Quando o monge acidioso tenta ler, interrompe-se inquieto e, um minuto depois, cai no sono;
esfrega as mãos no rosto, estica os dedos e segue na leitura por algumas linhas, tartamudeando o
final de cada palavra que lê; e, enquanto isso, vai enchendo a cabeça com cálculos ociosos, conta o
número de páginas que ainda tem para ler e as folhas dos cadernos, e sente ódio pelas letras e pelas
belas miniaturas que tem diante dos olhos, até que, por fim, fecha o livro e o usa como travesseiro
para a cabeça, caindo num sono breve e profundo.

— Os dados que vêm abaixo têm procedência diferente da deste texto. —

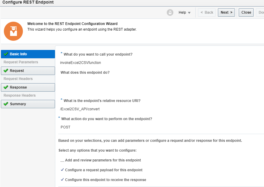 6. Invoke the API which exposes our Excel2CSV function. We do this via the REST connection we setup to the API Gateway. Ensure to specify the endpoints relative URI based on your implementation. See the configured request/response samples below: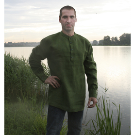 Данная модель привлекает внимание сочным бордовым цветом и благородным, тканным орнаментом на груди. Рубаха «Молодецкая» выполнена из натурального, плотного, умягченного льна. Хороший, оригинальный подарок важному для Вас человеку. В комплекте имеется пояс. По индивидуальному заказу можно подобрать порты.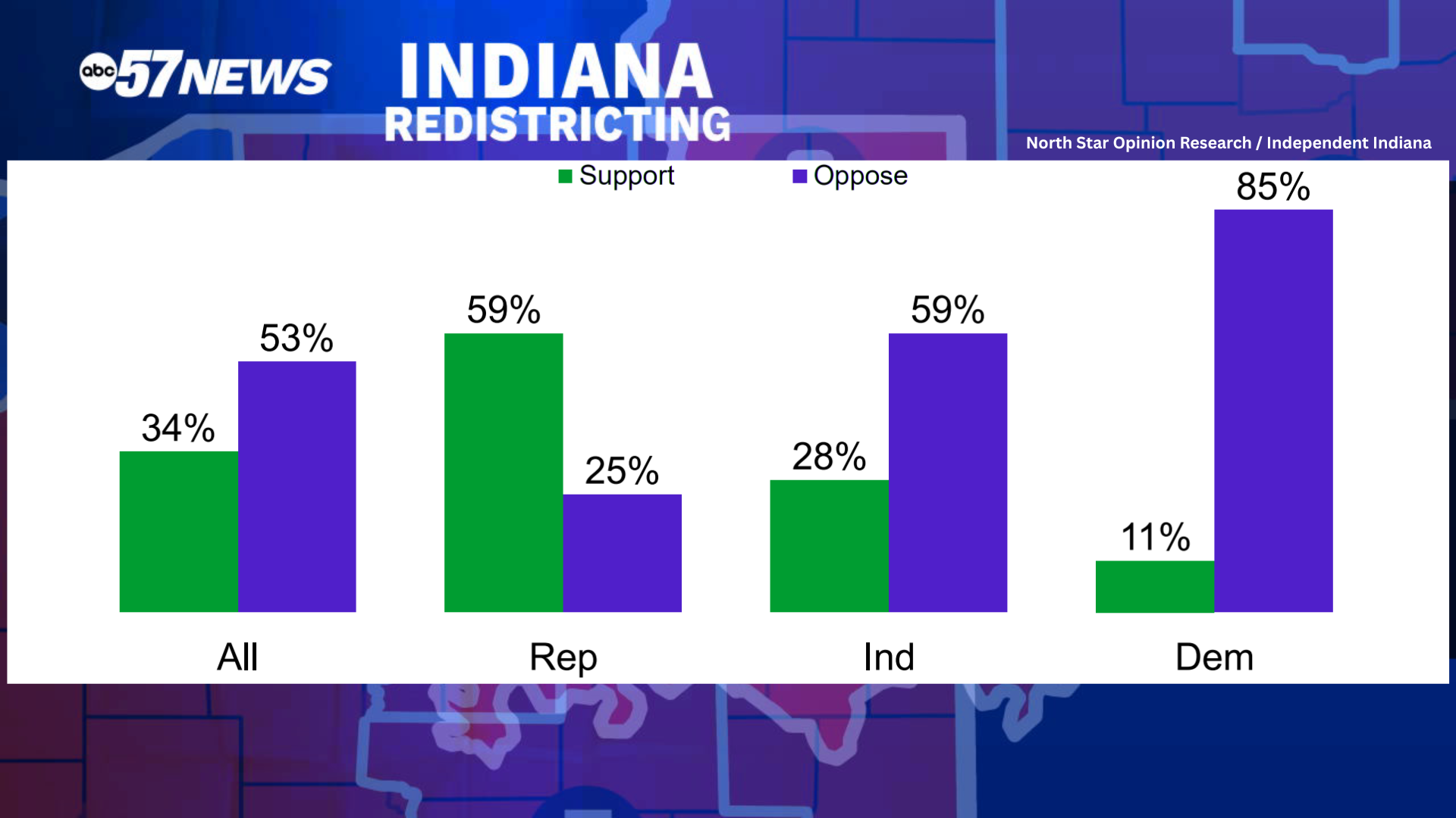 That poll found a majority of Hoosiers, 53 percent, oppose the proposal to redraw Indiana’s congressional district, while 34 percent support redistricting.

Há também outra impossibilidade mais radical de ler, que até há poucos anos
era, aliás, muito comum. Refiro-me aos analfabetos, essas pessoas esquecidas
com demasiada rapidez, que há apenas um século eram maioria, pelo menos na
Itália. Um grande poeta peruano do século XX escreveu num dos seus poemas:
“por el analfabeto a quien escribo”[a]. É importante compreender o sentido
daquele “por”: não tanto “para que o analfabeto me leia”, visto que por
definição não poderá fazê-lo, mas “em seu lugar”, tal como Primo Levi dizia
testemunhar por aqueles que no jargão de Auschwitz se chamavam
muçulmanos, isto é, aqueles que não podiam nem teriam podido testemunhar,
porque, pouco depois de ingressarem no campo, haviam perdido a consciência
e a sensibilidade.
Gostaria que refletissem sobre o estatuto especial de um livro que é destinado a
olhos que não podem lê-lo e foi escrito com uma mão que, em certo sentido,
não sabe escrever. O poeta ou o escritor que escreve para o analfabeto ou para o
mulçumano tenta escrever o que não pode ser lido, põe o ilegível no papel.

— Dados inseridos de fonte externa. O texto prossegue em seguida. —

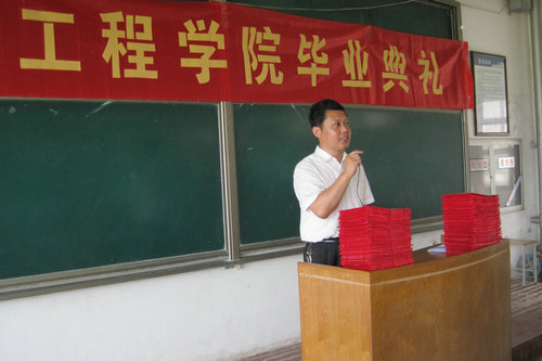 首先,王斌院长向即将告别象牙塔,踏上人生新征途的毕业生们表示衷心的祝贺和良好的祝愿。与此同时,他希望大家爱岗敬业,踏实工作,勤勤恳恳,历练心志,在工作岗位上建功立业;希望大家走出校门之后,继续关心学院的建设和发展,为学院更加美好的明天献计献策。梁倩倩同学代表全体毕业生做了简短的发言,表达了对理工大的感激与依恋,并保证在今后的学习生活中会继续努力绝不辜负老师的殷切期望。随后,学院领导为2010届毕业生颁发了毕业证书。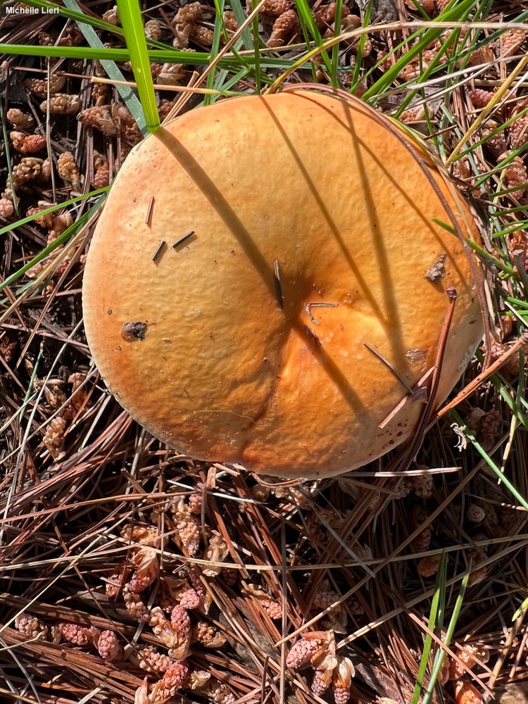 [ Basidiomycota > Russulales > Russulaceae > Russula . . . ] Russula katarinae by Michael Kuo, 29 September 2025 One of several shrimp russulas in eastern North America, Russula katarinae shares with its close relatives a shrimp- or fish-like odor, brown staining flesh and surfaces, and a color change to green when iron salts are placed on the stem surface. It can be distinguished from the other shrimp russulas by its association with eastern white pine and its bright orange cap. A similar orange shrimp russula appears in the Rocky Mountains in association with high-elevation conifers; see Russula species 03. Thanks to Michelle Lierl for documenting, collecting, and preserving Russula katarinae for study; her collection is deposited in The Herbarium of Michael Kuo. Description: Ecology: Mycorrhizal with eastern white pine; growing alone or gregariously; late summer and fall; originally described from New York (Adamčík et al 2015); distribution not yet determined, but possibly to be expected from the Great Plains eastward, throughout the range of the host tree; reported from Indiana to New York. The illustrated and described collection is from Indiana. Cap: 4–6 cm; convex, becoming broadly convex with a shallow central depression; bald; slightly wrinkled; dry; bright yellow-orange; the margin not lined. Gills: Narrowly attached to the stem; close; short-gills infrequent; whitish. Stem: 2–4 cm long; 1–1.5 cm thick; equal; dry; bald; white, bruising slowly brownish. Flesh: White; staining slowly brownish when bruised. Odor and Taste: Odor fishy; taste not distinctive. Chemical Reactions: KOH on cap surface dull yellowish. Iron salts on stem surface not documented for the described collection, but reported as green for the species. Spore Print: Dull orangish yellow. Microscopic Features: Spores 9–12 x 7–8 µm including ornamentation; ellipsoid; ornamentation as amyloid, mostly isolated warts 0.5–1.0 µm high, with few connectors; not reticulate. Basidia 38–42 x 9–12 µm; clavate; 4-sterigmate. Pleurocystidia 70–80 x 10–11 µm; fusiform; smooth; thin-walled; contents granular; hyaline in KOH. Pileipellis an ixocutis; elements 2–4 µm wide, smooth, hyaline in KOH; pileocystidia not found. REFERENCES:S. Adamčík & B. Buyck, 2015. (Adamčík et al, 2015; Adamčík et al, 2019; Noffsinger et al., 2024.) Herb. Kuo 05262401. This site contains no information about the edibility or toxicity of mushrooms. |

Mas é bem isso que torna sua escrita mais interessante do que a que foi escrita
somente para quem sabe ou pode ler.
Há mais um caso de não leitura do qual gostaria de falar. Refiro-me aos livros
que não encontraram o que Benjamin chamava a hora de sua legibilidade, que
foram escritos e publicados, mas estão – talvez para sempre – à espera de serem
lidos. Conheço – e cada um de vocês, acredito, poderia citá-los também –
livros que mereciam ser lidos e não foram lidos, ou foram lidos por
pouquíssimos leitores. Qual é a situação desses livros? Acredito que, se esses
livros forem realmente bons, não se deverá falar de espera, mas de exigência.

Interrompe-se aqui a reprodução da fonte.